Bearing of the International System in a south-south cutting-edge free trade agreement: The case of the free trade agreement between Uruguay and Chile

University essay from Göteborgs universitet/Institutionen för globala studier

Abstract: Uruguay signed a cutting-edge free trade agreement with Chile that triggered political discussions on the impact it would have on Uruguay’s development. This agreement is the first bilateral trade instrument framed under Uruguay’s current international economic and trade insertion strategy, and serves as a case study to examine the bearing of the International System on that strategy, on the instruments Uruguay pursues to further it, and on the country’s future development prospects.

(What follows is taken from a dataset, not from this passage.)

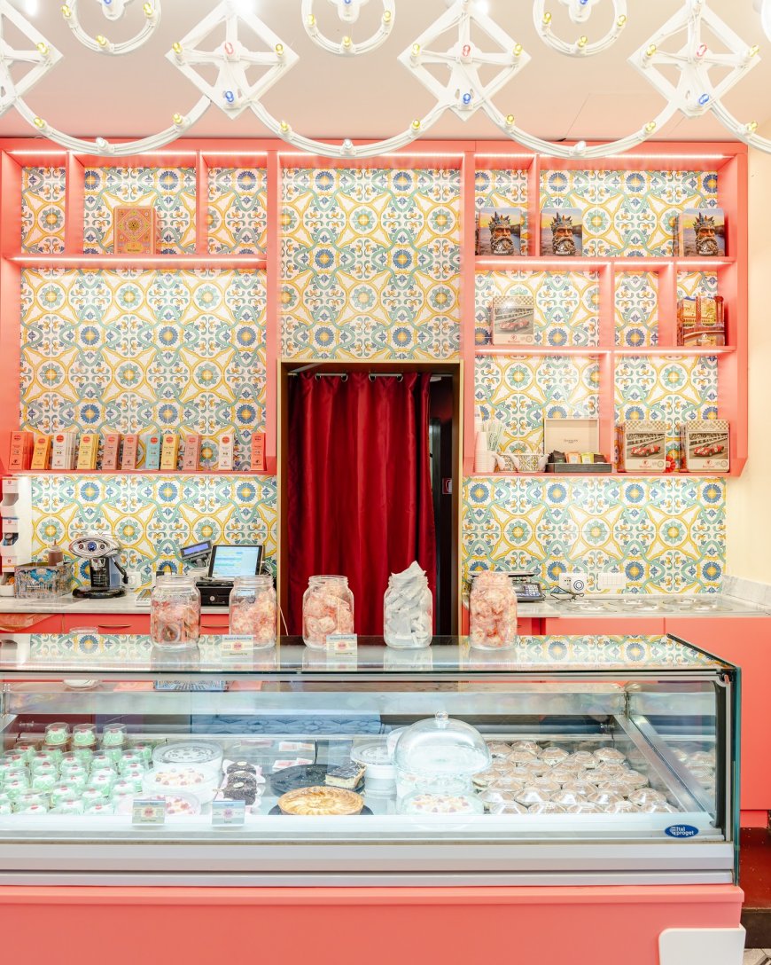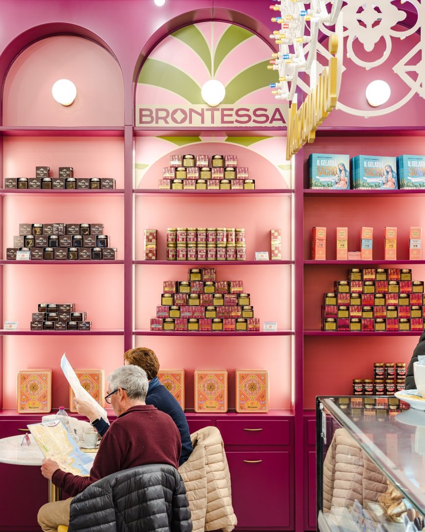 Il locale si trova in via Etnea 20/22, accanto alla storica gelateria Don Peppinu, alla quale è collegato tramite ambienti comunicanti. Lo spazio richiama una bottega contemporanea dal forte carattere siciliano: maioliche dipinte a mano, luminarie e colori accesi definiscono un’atmosfera accogliente ed elegante. Al centro domina un grande bancone scenografico dedicato al consumo veloce, mentre 15 coperti con sedute comode invitano alla colazione lenta, pensata per rispettare i tempi rilassati dell’isola.

Theories extensively used to study multilateral, north-south and south-south trade agreements are tested to analyse this cutting-edge south-south agreement, following a deductive and qualitative approach to research. This thesis casts doubts on the idea that south-south trade agreements are the least restrictive of developing countries’ national policy space for development. Interviews, documents, conferences and seminars revealed that this cutting-edge agreement has unique features that distinguish it from conventional south-south trade agreements: it includes standards of regulation now required by developed countries in the trade agreements they pursue. These standards are concluded to be the good policies and good institutions of the global economy organised around global value chains. They are furthered by developed countries in their own self-interest and adopted by Uruguay through this agreement in the understanding that they would help it broaden its markets. However, by abiding to these rules and standards it would shrink its own national policy space for development, kicking away the ladder to its development and locking-in its structural heterogeneity and technological exogeneity.